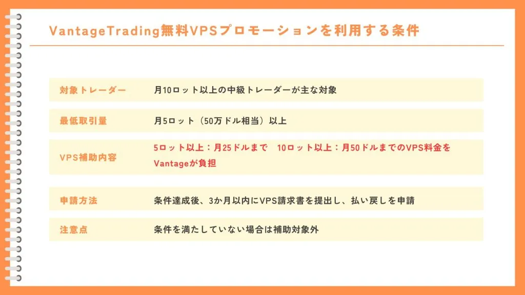 VPS無料 プロモーション | 自動売買に便利なVPSの利用料補助 | 口座残高1,000ドル相当以上 月間取引量により補助額が変動 | 月5ロット:25ドル補助 月10ロット以上:50ドル補助 |
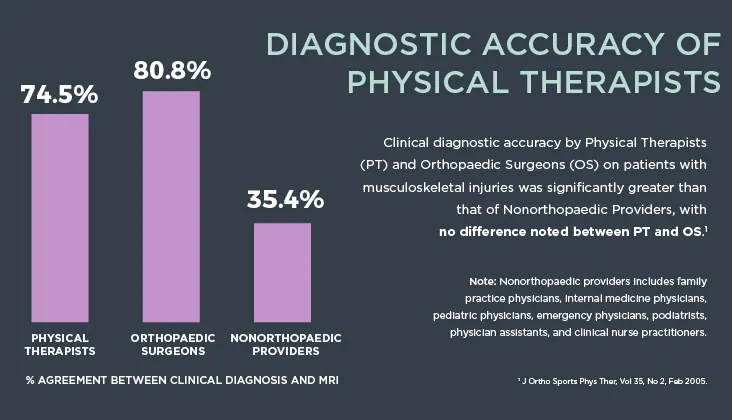 Clinical diagnostic accuracy by physical therapists and orthopaedic surgeons on patients with musculoskeletal injuries are statistically the same. Both provider types had significantly greater accuracy than that of non–orthopaedic providers. (As in, double the accuracy!)
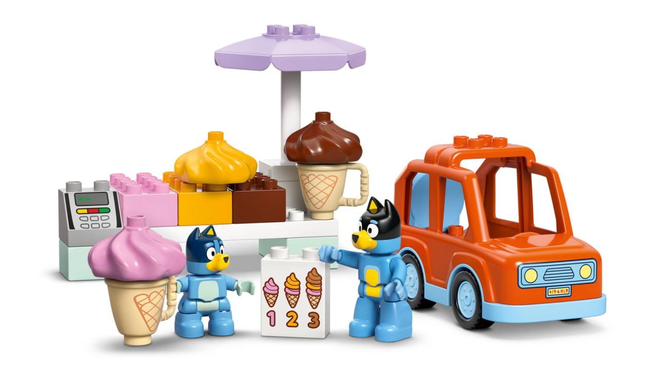 Enter the fun-playing world playing world with the Ice Cream Trip With Bluey children's toys set, they enjoy imaginative games while starting on a LEGO Duplo adventure using this set of vehicles to recreate scenes from the Bluey TV series.
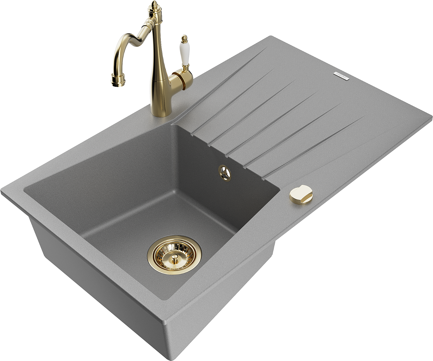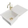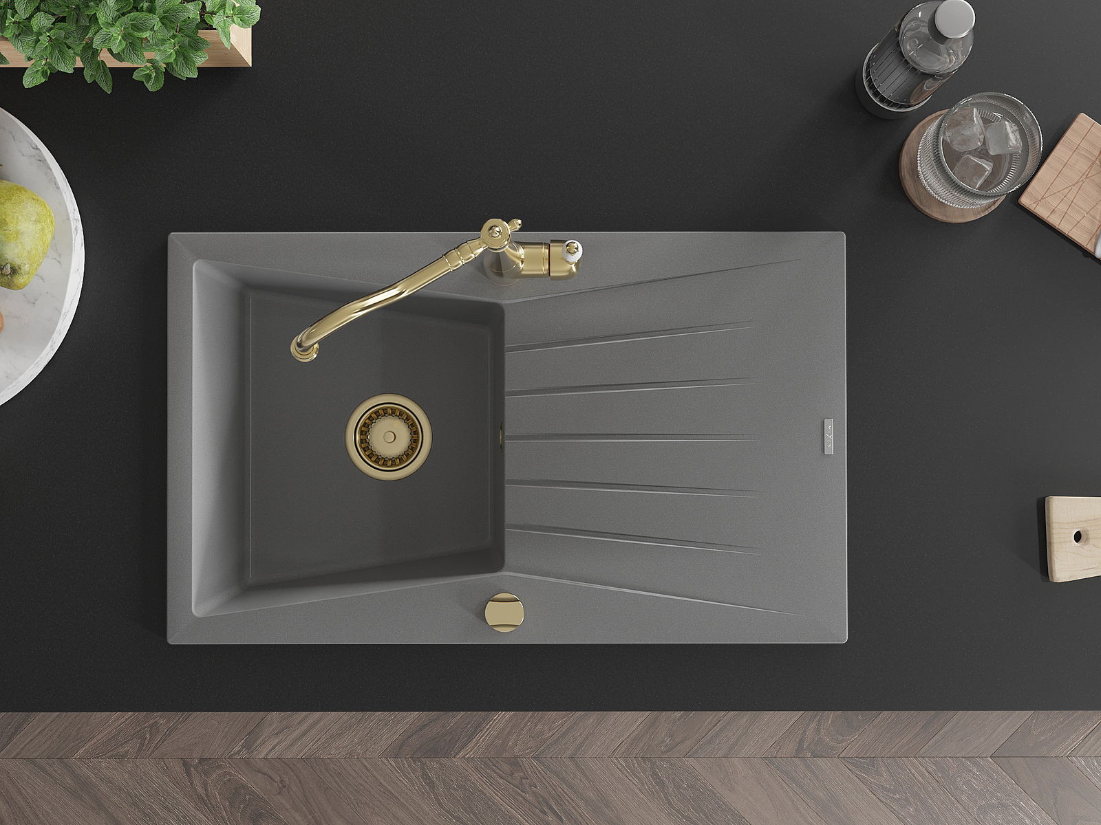 Mexen Cesar évier en granit 1 bac avec égouttoir et robinet de cuisine Carla, gris - 6514-71-670700-50
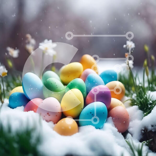 Intra Συλλεκτικό Ξύλινο Παζλ Plywood 4mm – Πολύχρωμα Πασχαλινά αυγά στο χιόνι με λουλούδια και πράσινο γρασίδι Σε Ξύλινο Κουτί – Διαστάσεις: 10×10 cm – 25 κομμάτια
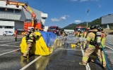 해남 온라인뉴스팀2024. 09.11[뉴스앤저널]해남소방서는 10일 해남우슬체육관에서 전기차 화재 대응을 위한 화재진압장비 시연회를 개최했다고 밝혔다. 이번 시연회는 최근 많은 수의 전기차가 상용화되면서 이와 관련한 사건·사고가 빈번해져 전기차 화재 발생 시 화재·피해 확대를 방지하고 진압대원의 대응역량 강화 및 화재진압장비 확보를 위해 마련됐다. 시연회는 폐차량에 화재 발생을 가정하여 관창으로 차량 내·외부에 방수하여 냉각 효과를 극대화한 이후, 질식소화포를 활용하여 산소를 차단하고 간이소화수조(워터트랩)를 활용해 화재를 진화하는 순서로 진행됐다. 최진석 서...
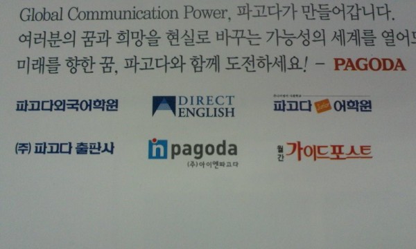 [급]파고다관련 로고소스좀 부탁 드려요 티엔미 0 7032 2010.10.27 18:34 파고다외국어학원 DIRECT ENGLISH파고다주니어어학원(주)파고다출판사NPAGODA(주)와이엔파고다월간 가이드포스트
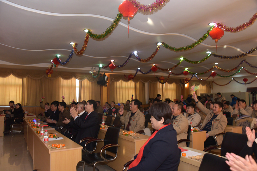 演出前,公司总经理杨寒冰代表公司领导班子作了热情洋溢的新春致辞,他说:岁月不居,天道酬勤。过去的一年里,我们共同拼搏,尽管道路坎坷,尽管困难重重,但却成绩辉煌!新的一年又至,更需职工努力,携手再创奇迹!之后,公司领导班子给全体职工送去了新年的祝福。
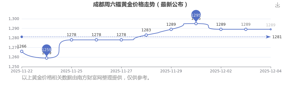 成都周六福的黃金價格在今日(2025年12月4日),每克售價為1289.0元/克。
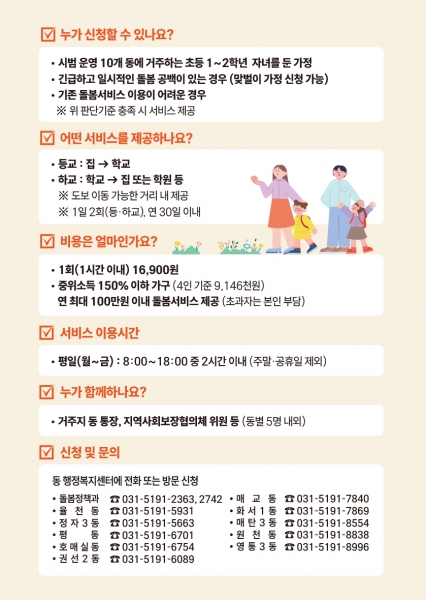 시범 동에 거주하는 초등 1~2학년 자녀 가정이 대상이고 맞벌이 가정과 기존 돌봄서비스 이용이 어려운 가정도 포함된다.
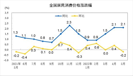 據(jù)國家統(tǒng)計局城市司高級統(tǒng)計師董莉娟介紹,從同比看,5月份CPI上漲2.1%,漲幅與上月相同。其中,食品價格上漲2.3%,漲幅比上月擴大0.4個百分點,影響CPI上漲約0.42個百分點。
++++
__Work task__. Output everything in the material exactly. Pictures stay out of it.

__Result of this task__.
 VPS無料 プロモーション | 自動売買に便利なVPSの利用料補助 | 口座残高1,000ドル相当以上 月間取引量により補助額が変動 | 月5ロット:25ドル補助 月10ロット以上:50ドル補助 |
 Clinical diagnostic accuracy by physical therapists and orthopaedic surgeons on patients with musculoskeletal injuries are statistically the same. Both provider types had significantly greater accuracy than that of non–orthopaedic providers. (As in, double the accuracy!)
 Enter the fun-playing world playing world with the Ice Cream Trip With Bluey children's toys set, they enjoy imaginative games while starting on a LEGO Duplo adventure using this set of vehicles to recreate scenes from the Bluey TV series.
 Mexen Cesar évier en granit 1 bac avec égouttoir et robinet de cuisine Carla, gris - 6514-71-670700-50
 Intra Συλλεκτικό Ξύλινο Παζλ Plywood 4mm – Πολύχρωμα Πασχαλινά αυγά στο χιόνι με λουλούδια και πράσινο γρασίδι Σε Ξύλινο Κουτί – Διαστάσεις: 10×10 cm – 25 κομμάτια
 해남 온라인뉴스팀2024. 09.11[뉴스앤저널]해남소방서는 10일 해남우슬체육관에서 전기차 화재 대응을 위한 화재진압장비 시연회를 개최했다고 밝혔다. 이번 시연회는 최근 많은 수의 전기차가 상용화되면서 이와 관련한 사건·사고가 빈번해져 전기차 화재 발생 시 화재·피해 확대를 방지하고 진압대원의 대응역량 강화 및 화재진압장비 확보를 위해 마련됐다. 시연회는 폐차량에 화재 발생을 가정하여 관창으로 차량 내·외부에 방수하여 냉각 효과를 극대화한 이후, 질식소화포를 활용하여 산소를 차단하고 간이소화수조(워터트랩)를 활용해 화재를 진화하는 순서로 진행됐다. 최진석 서...
 [급]파고다관련 로고소스좀 부탁 드려요 티엔미 0 7032 2010.10.27 18:34 파고다외국어학원 DIRECT ENGLISH파고다주니어어학원(주)파고다출판사NPAGODA(주)와이엔파고다월간 가이드포스트
 演出前,公司总经理杨寒冰代表公司领导班子作了热情洋溢的新春致辞,他说:岁月不居,天道酬勤。过去的一年里,我们共同拼搏,尽管道路坎坷,尽管困难重重,但却成绩辉煌!新的一年又至,更需职工努力,携手再创奇迹!之后,公司领导班子给全体职工送去了新年的祝福。
 成都周六福的黃金價格在今日(2025年12月4日),每克售價為1289.0元/克。
 시범 동에 거주하는 초등 1~2학년 자녀 가정이 대상이고 맞벌이 가정과 기존 돌봄서비스 이용이 어려운 가정도 포함된다.
 據(jù)國家統(tǒng)計局城市司高級統(tǒng)計師董莉娟介紹,從同比看,5月份CPI上漲2.1%,漲幅與上月相同。其中,食品價格上漲2.3%,漲幅比上月擴大0.4個百分點,影響CPI上漲約0.42個百分點。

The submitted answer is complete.